### [Recorded information]
___
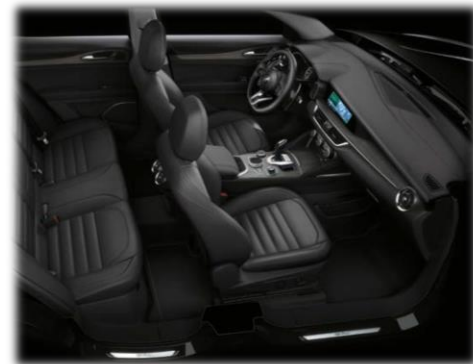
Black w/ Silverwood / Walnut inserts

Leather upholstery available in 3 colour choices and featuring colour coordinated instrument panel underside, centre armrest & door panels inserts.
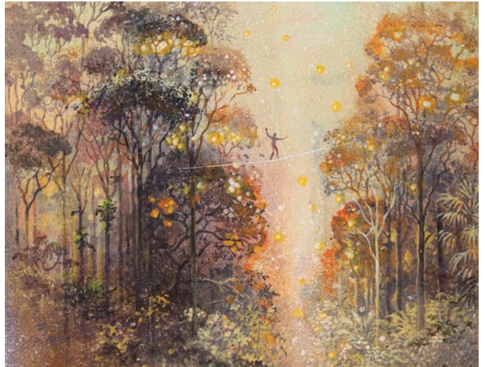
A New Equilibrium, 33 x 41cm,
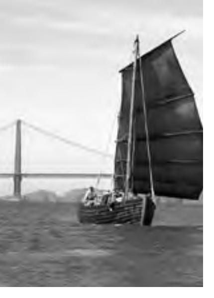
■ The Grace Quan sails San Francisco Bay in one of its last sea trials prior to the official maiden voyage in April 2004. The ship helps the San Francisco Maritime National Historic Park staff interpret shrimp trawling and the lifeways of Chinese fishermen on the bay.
___
### [About this task]
Restate all of the material word for word, leaving every picture out.

### [Response box]
Black w/ Silverwood / Walnut inserts

Leather upholstery available in 3 colour choices and featuring colour coordinated instrument panel underside, centre armrest & door panels inserts.
A New Equilibrium, 33 x 41cm,
■ The Grace Quan sails San Francisco Bay in one of its last sea trials prior to the official maiden voyage in April 2004. The ship helps the San Francisco Maritime National Historic Park staff interpret shrimp trawling and the lifeways of Chinese fishermen on the bay.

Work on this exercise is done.